The detailed architecture of MNN is shown in Figure 3. The architecture includes an input layer, two shared layers, four specialized modules, an integrator, and an output layer. The vector $x = [x_{1}, x_{2}, \dots, x_{n}]$ represents the input vector and $h_{m}^{k}$ represents the $k^{th}$ hidden feature in layer $m$ . ${\hat{y}}_{i}$ indicates the estimated fraction of operating mode $i$ . The input layer passes the inputs to the shared layers. The input vector consists of thirteen features, including six numeric and three categorical features. The categorical features are one-hot encoded, resulting in thirteen features. The shared layers are responsible for extracting common features from the input data. The first layer is a fully connected hidden layer with 128 neurons, which processes the input data using the Rectified Linear Unit (ReLU) activation function to capture nonlinear relationships.

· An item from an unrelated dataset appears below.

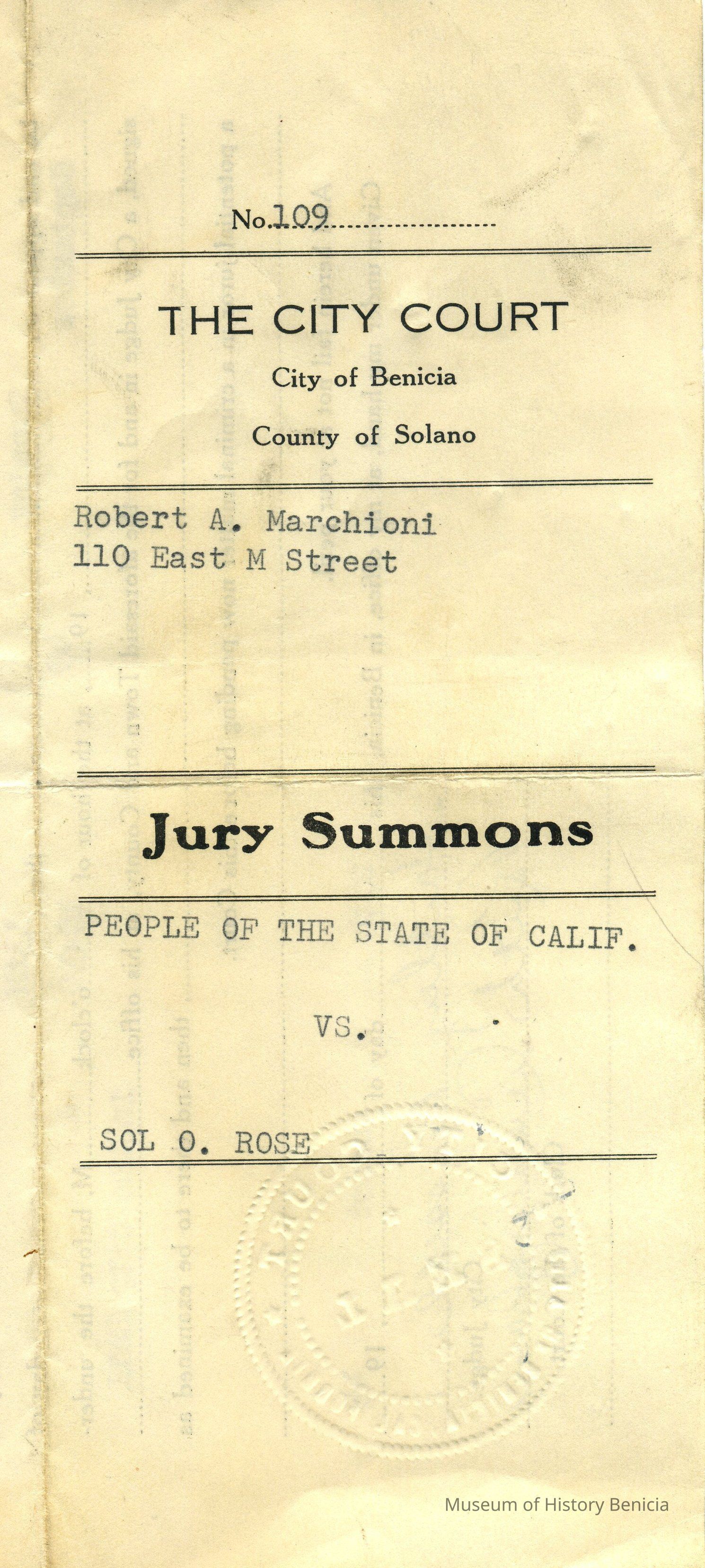 Jury Summons No. 109

The output from the first layer is then fed into a second fully connected layer with sixty-four neurons, which continues to refine these features using ReLU. The shared feature extraction serves as a foundation for the specialized modules.

Figure 3.

Modular neural network architecture with input nodes, hidden layers, and output layer.

Following the shared layers, the architecture employs four specialized modules to handle different operating modes. For the Braking (0) and Idling (1) modes, the data are processed through a fully connected layer with thirty-two neurons, followed by another fully connected layer with two neurons that outputs the probabilities for Bin 0 (B0) and Bin 1 (B1). These two modes are important for understanding vehicle behavior in urban traffic conditions where frequent stops and starts are common.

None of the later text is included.